14 “In recent years, however, abundant evidence has been advanced in support of the idea that metaphoricality is no exoticism in the garden of language but a widespread indigenous part of the flora” (Well, "recent years"& Vico? Emerson? Nietzsche? Better talk of an alternative tradition—jagl)
Metaphoric creativity: “an inspection of fresh metaphors at work (in a poem by Sylvia Plath) gives us some insight into the nature and workings of language as a means of communication. Metaphors are high-risk redescriptions or reinterpretations with the goal of securing enhanced intimacy or insight.”
(On intentionality): “It is not assumed here, however, that a speaker’s intentions somehow ‘govern’
15 the utterance’s meaning or that those intentions are recoverable or determinate. More important, I argue, is the contingent but crucial process of attributing intentions, by the hearer to the speaker particularly but viceversa also, guided by foundational faculties of pattern construction and perception, other-orientedness, memory, normativity, and abstraction”.
“’Coming into language’ is examined in relation to two imagined contexts of use: the accomplishment of a work task and the maintenance of mother-infant connection. In both cases, what is crucial is that instinctive processes become increasingly reflected on: what was first and necessarily a single integrated activity becomes dis-integrated or open to analysis (e.g., into the verbal and the nonverbal), for certain purposes. In part, the individual emerging into a langauged world is performing creative interpretation of (perceived) near repetitions…” Cf. Davidson, “radical interpretation”.
Cf. Derrida, Knapp and Michaels, Fish, Rorty—all OK, but:
“While neopragmatism is broadly endorsed, it is suggested that, in the antitheorists’ rejection of any divergence between authorial intention and textual meaning, insufficient attention is paid to the independent role of the addressee.”
Derrida’s iterability reinstates language as sistem or thing, sameness untrammelled by speaker intentions.
16 “This, I contend, is halfhearted contextualism. Taking language in context seriously entails deconstructing the very idea of language as a stable thing, to be shifted from one context to another.

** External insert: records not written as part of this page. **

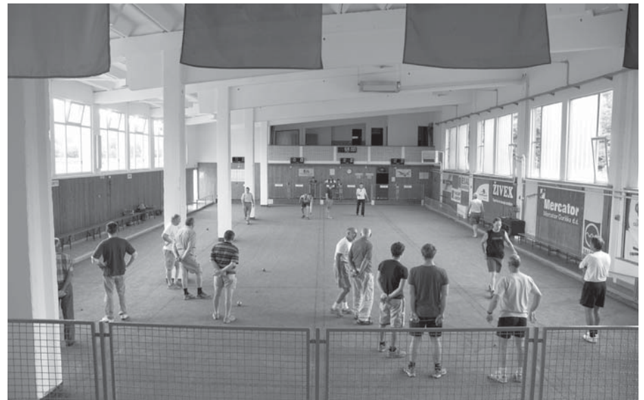
Številni udeleženci balinarske rekreacije v zimskem času

Tudi v teh mesecih se odvijajo rekreativne aktivnosti za ženske in moške in
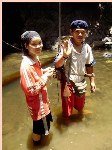
Ett ungt par på väg att korsa en flod. Penanerna går sällan ensamma och oövernade i skogen.
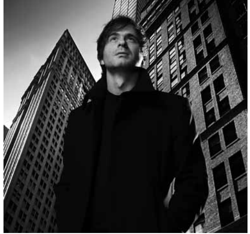
Piotr Anderszewski © Marc Ribes

wo 03.11.10 / 20.00 & do 04.11.2010 / 15.00 / Kamermuziekzaal
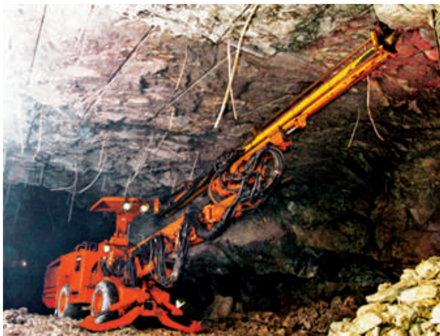
图 1.3 遥控凿岩机的应用

电遥控系统控制液压机械。即使在能见度较低、环境恶劣的地方，也可以方便控制重型凿岩机进行钻孔作业。操作员可以选择安全地点对位钻孔，而不必待在钻孔机的操作台上。无线电遥控装置配有数据反馈装置，通过 20 毫安电流环或 V 24 通讯协议将钻孔机的工作状态信息传递给发射机。在钻孔机钻孔作业中，孔的坐标在操作员的发射机的 LCD 液晶显示屏上显示，操作员根据显示的坐标信息来控制钻机的空间位移。在位移过程中，反馈系统将钻机的位移坐标在 LCD 显示屏上“实时”显示。此外，在无线电控制装置的显示屏上会将凿岩机的故障信息全文显示出来。无线电控制装置采用 IP65 保护标准，完全适应在潮湿和含盐的环境中使用。
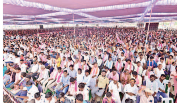
సీఎం హామీతో జేజేలు పలుకుతున్న మక్తల్ ప్రజా ఆశీర్వాద సభ హాజరైన ప్రజలు
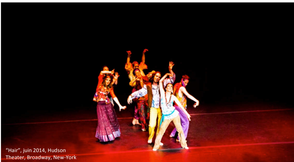
"Hair", juin 2014, Hudson Theater, Broadway, New-York
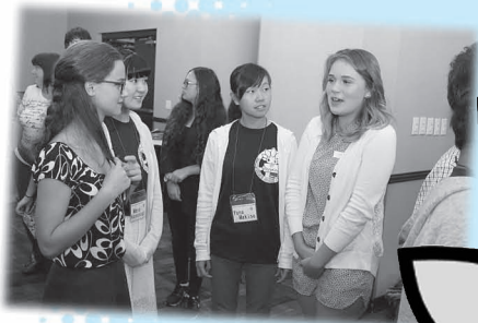
スマーナ市の友だちと仲良く会話中
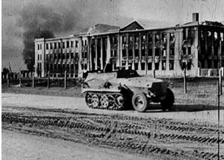
[KÄMPFE IN DEN VORSTÄDTEN VON STALINGRAD], D 1942

Der Name Stalingrad wurde zum Synonym für die Kriegswende. Die vorliegenden Filmaufnahmen geben nur eine schwache Ahnung von den schweren Kämpfen in dieser Stadt. Die Kapitulation der deutschen 6. Armee im Kessel von Stalingrad markiert das Ende der deutschen Expansionsbewegung im Zweiten Weltkrieg.
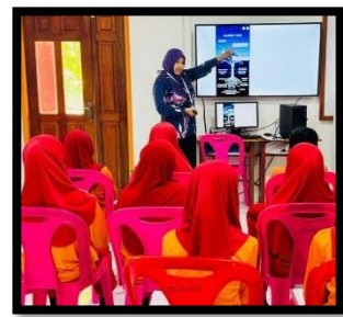
އިތުރު ސަބަބުން 3 ވަނަ ފަލުގު ދިވެހިސަރުކާރުގެ ގެޒެޓްގައި ބަޔާންކުރި ބަޔާންފޮޅު 2023 ވަނަ ފަލުގު ދިވެހިސަރުކާރުގެ ގެޒެޓްގައި ބަޔާންކުރި ބަޔާންފޮޅު.
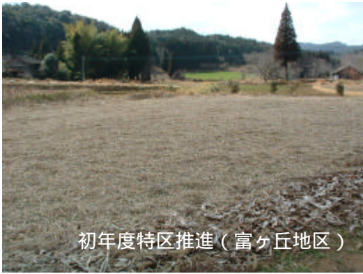
初年度特区推進(富ヶ丘地区)
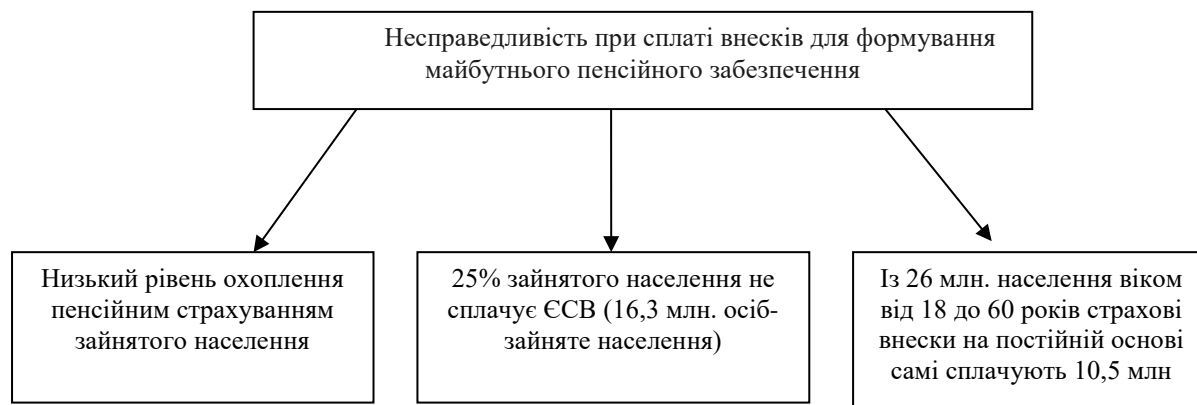
Рис. 1. Причини неефективності пенсійної реформи

По суті, пенсійна система в нашій країні з пенсійною реформою не зміниться – вона і надалі буде залишатися солідарною. Правда, тепер її модернізують, з'явиться можливість перейти до накопичувальної системи: спочатку за рахунок державних накопичувальних фондів, а згодом і приватних структур.

To view language thus is already to be viewing it at an abstract level…” (Cf. mi crítica al Derrida aprisionado en el lenguaje, todo lingüístico—jagl).
Mother-child interaction: mutual knowledge present precedes interaction, not implanted at a given point.

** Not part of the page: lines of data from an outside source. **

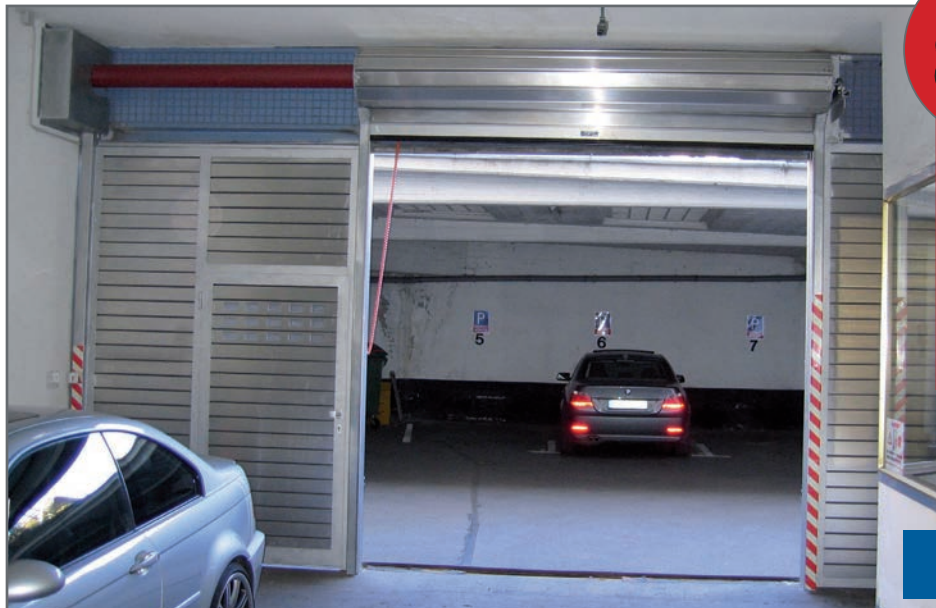
Rolltoranlage BRP 4020 mit feststehender Schlupftür

Sie benötigen eine technische Zeichnung Ihrer Toranlage? Kein Problem! Wir können Ihnen Zeichnungen in allen gängigen Formaten zur Verfügung stellen.
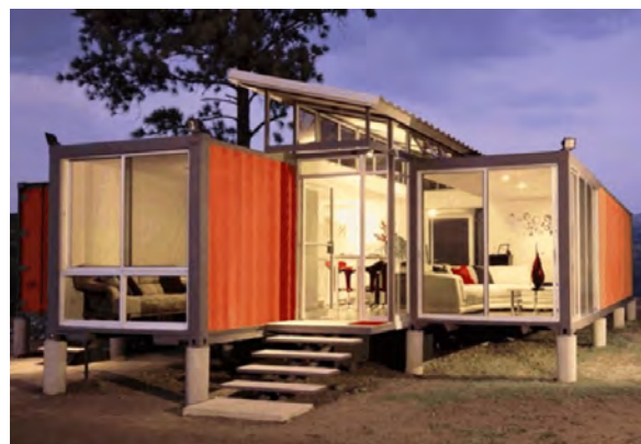
Рисунок 5 – Пример блокировки контейнеров по горизонтали с планировкой и решение фасадов в современном стиле

быть снабжен козырьком, элементами отделки фасада, чердаком или другими индивидуальными архитектурными элементами (рисунок 5).
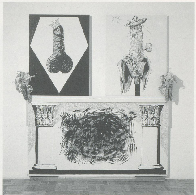
MIKE KELLEY, PAGAN ALTAR/HEIDNISCHER ALTAR, 1989, ACRYLIC ON THREE PANELS WITH 2 BOARDS AND 2 BUNCHES OF DRIED CORN/ACRYL AUF 3 FELDERN MIT 2 TAFELN UND 2 BÜSCHELN GETROCKNETEN MAIS,

Das darf ein Künstler wieder mal nicht sagen: Pornos, Arschwitze, Scheisse, Schmutz – so dass Kelley damit definitiv ein Potential gewonnen hat. In einer etwas eleganteren Form war auch die Arbeit mit
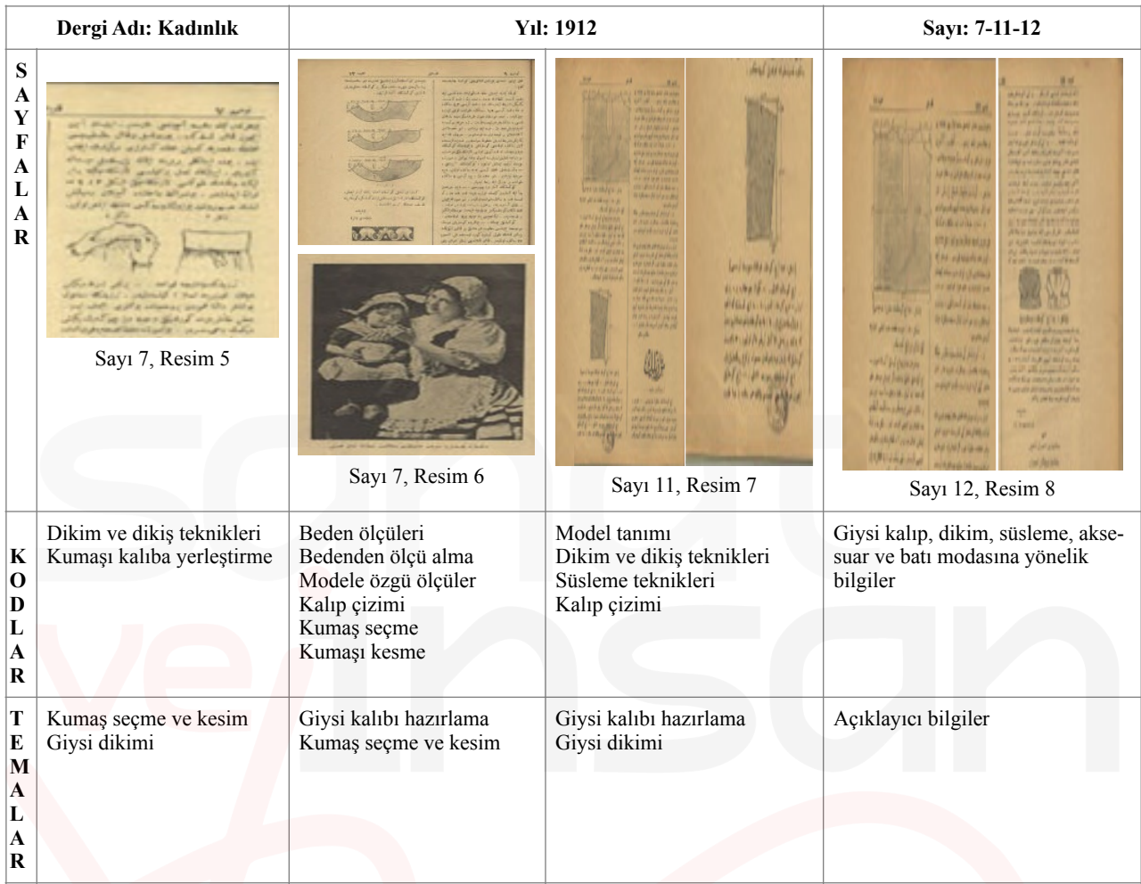
Tablo 3. Kadınlık Dergisi 1912 Yılı 7-11-12 Sayılarındaki Kalıp ve Dikim Teknikleri Tematik Kodlama Tablosu

Ch. 4, “taking language in context seriously entails a revised account of the relations between language and society” Collectivist meaning entails an accomodation with hegemony: “collectivism is an enforced stabilization of the much more
17 fluid intrinsic conditions of language use, in which the key intermediary between language and society is not an autonomous and determinate plane of linguistic meaning but a multidimensioned, user-varying network of activity-type schemata” Reference to variable situations, not just to fixed signs. “As a result, the socially embedded nature of language shoud not be emphasized at the expense of the role of the creatively interpretive individual”.

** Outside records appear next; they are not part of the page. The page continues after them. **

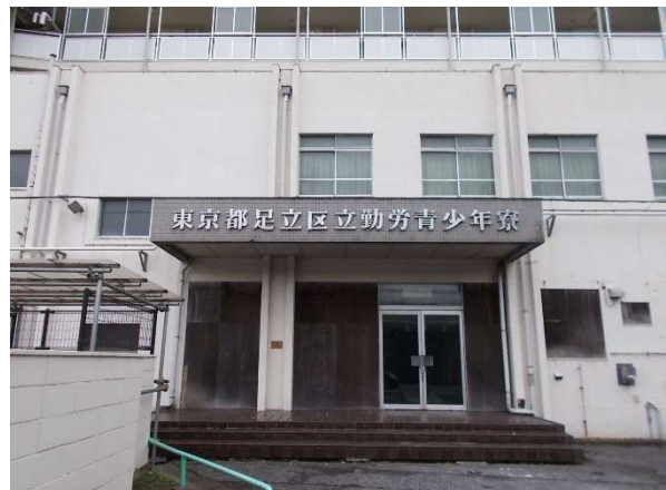
2 (旧) 勤労青少年寮
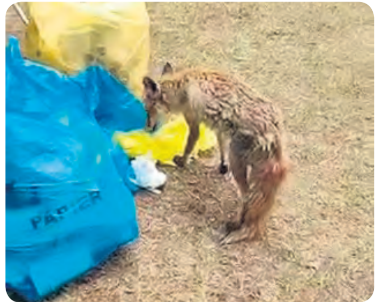
Kadr udostępniony przez Czytelniczkę. Domownicy obawiali się zachowania tego lisa i poszukiwali pomocy.

W art. 11. Ustawy o ochronie zwierząt, uzupełnionym odpowiednim rozporządzeniem, czytamy tylko o zwierzętach domowych lub gospodarskich. Do tych żyjących dziko stosuje się przepisy Prawa Łowieckiego, które w art. 2. mówi, że: „zwierzęta łowne w stanie wolnym, jako dobro
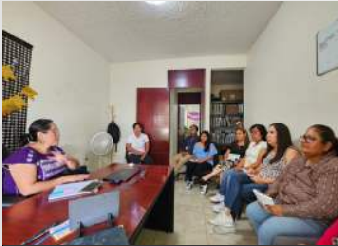
Reunión de trabajo con el personal de la Dirección y Coordinación de Sistemas Normativos Pluriculturales. 16 mayo.
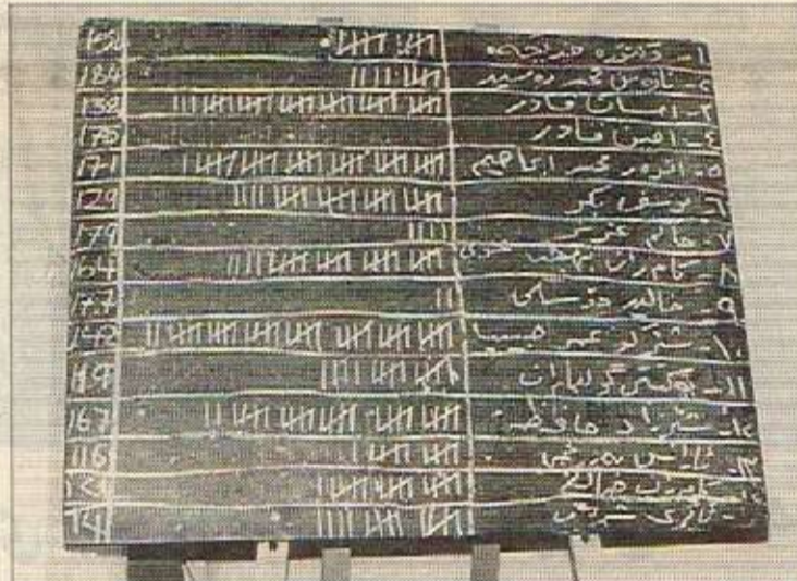
ناوی خۆه‌لبژێردراوان له به‌رامبه‌ر ژماره‌ی ده‌نگیاندا کامیترای ژینی نوی

کونجانه‌ی کۆمیتته‌ی پێشو بناغه‌کی دارش‌ت‌بوو بپارێژێ و به‌ هێزتری بکات. ۲- سه‌ره‌خۆیی مهلبند پته‌وتر بکات. کۆمیتته‌ی ههلبژێردراو بایه‌خی مهلبند هه‌ست پتی ده‌کات، هه‌ر‌یه‌ به‌و ئاقاره‌دا به‌رتوه‌ی ده‌بات که خه‌مه‌تی کۆمه‌لگای کوردی بکا له‌م وڵاته‌دا، جێ ی متمانه و برواری گشت لایه‌نه‌کان بێ، بێ جیاواری بیرووای سیاسی، فکری، ئایینی و ناوچه‌گری. ۳- مهلبند وه‌ک ئینستیتیوی کوردی ئەم وڵاته‌ زیاتر جیگی بروای ده‌زگا حکومه‌یه‌کان و ریکخراوه‌ چاره‌یه‌یه‌کان بێت. ۴- کۆمیتته په‌یوه‌ندیکی پته‌و له‌گه‌ل

(Pragmatic psycholinguistics): “primary memory is a memory of occasions, and not selectively or exclusively of the verbal part of those occasions or of any structural pattern in those occasions” Individual sifting and sorting gives rise to “metadescriptions such as mental models, schemas, prototypicality, grammatical ruls, and word meanings”.
18 “As a result, although language is never a code, nevertheless it is quite apparent that individuals and groups—especially subordinated and disempowered ones, although here the issue of what constitutes subordination must not be prejudged—may be habituated to a code-like predictability of usage, forms, and meanings.”
Bakhtin on free indirect discourse: “In addition to being a favored narrative strategy, free indirect discourse is an instructive instance of a larger tension in language—one that emerges also wherever quotation is apprehended as more than a reporting, as an actual saying (e.g., in newspaper reports, oral recountings, references, or testimonials).”
—Or again, “categorial separation of uses of expressions from mentions is an impossibility.” E.g. Rushdie “mentions” things in The Satanic Verses, but that is also a use.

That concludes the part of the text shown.